Cassandra could tell that his hands were beginning to shake, his entire body was hyperventilating. He couldn't imagine not having his daughter. She knew he loved her. Sometimes she thought he loved her too much. She knew if there wasn't a law between them he would've murdered all the nurses, murdered maybe even the loonies too, for keeping his daughter locked away, surrounded by men and women who didn't know her name, and possibly even abused by the pedophiles he knew these asylums had. The nurses never thought of separating them from his little girl. His little world that he had to keep safe and in harmony in his arms.

"She's six years old! She can't possibly have ECT at such a young age! Or even be in a hospital for so long…Cassie, I'm so worried about my daughter…she's still having these episodes, and she's gone and off to God knows where from some bastard who's probably asking for ransom money or something…I love her Cassie, I can't imagine her being gone from my grasp, being hurt again…I want her back."

She nodded, as the rain streamed on the windows, the smaller drops being devoured by the larger ones, like slugs with wide open mouths that swallowed the others whole.

"I know. But we can't just wish for her to come back. We have to find her, and we have to trust the police in what they're doing. I'm sure we can find her before anything bad happens to her. We can't keep worrying about this and imagine the worst has happened to our daughter. Maybe she's okay. Maybe someone who had no evil intentions at all picked her up. But the more we stress out and worry, the less we'll be able to find her."

"You're always so calm, Cassie. The hell is up with that."

He listened to the sounds of the raindrops smacking the screens, the sounds of the cars passing by with rainwater under their tires, the sound of the wind blowing, whistling the harmonies of the rain. He thought it was talking to him, singing a lullaby that sounded strangely like "Baa Baa Black Sheep".

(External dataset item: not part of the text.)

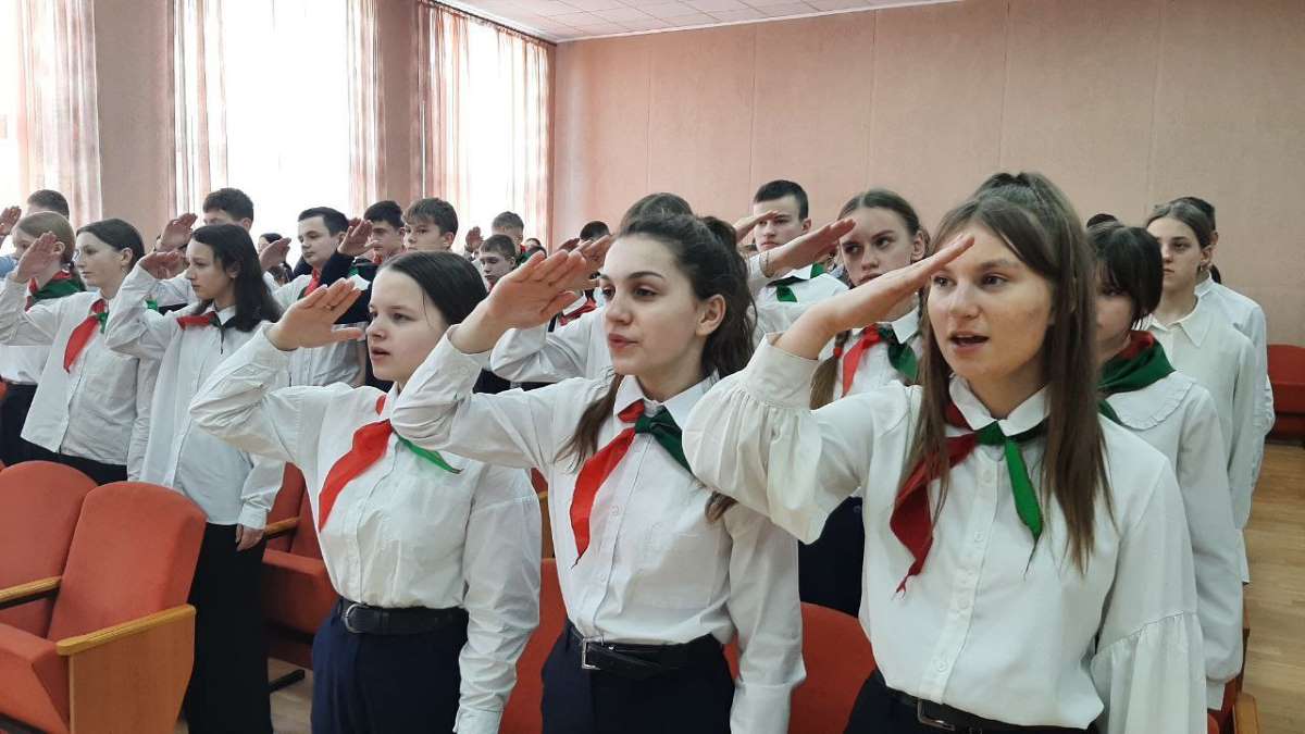 ✅Сегодня, 19.02.2024 года, в ГУО ”Средняя школа №2 г. Березино“ прошла торжественная церемония прощания с пионерским галстуком и вступления в ряды ОО «БРСМ».

"But you don't understand how serious this is. I'm one hundred percent sure that someone who picked her up did have evil intentions in mind. I really don't think it would be my father, her grandpa, who wanted to take her to his house, teach her all about how wonderful Catholics are…I'm sure if I met him again, he would do that. I'm sure he's going to tell me I'm not raising my daughter right. My father, he tries to be a good man but I know he just forces that on me. I never wanted to be Catholic. I never wanted to be religious. I just…wanted to live my life the way I want to. Protecting my daughter."

"Your father can't possibly have thought about picking Annabelle up, would he? I mean, he's all the way back in Minnesota…"

"I'm sure he would've, Cassie. I'm sure he would've wanted to save my children with the backhand of God. That bastard…I don't know if he did this, but if he did, I thought I was rid of him so long ago. I can't imagine seeing his face again."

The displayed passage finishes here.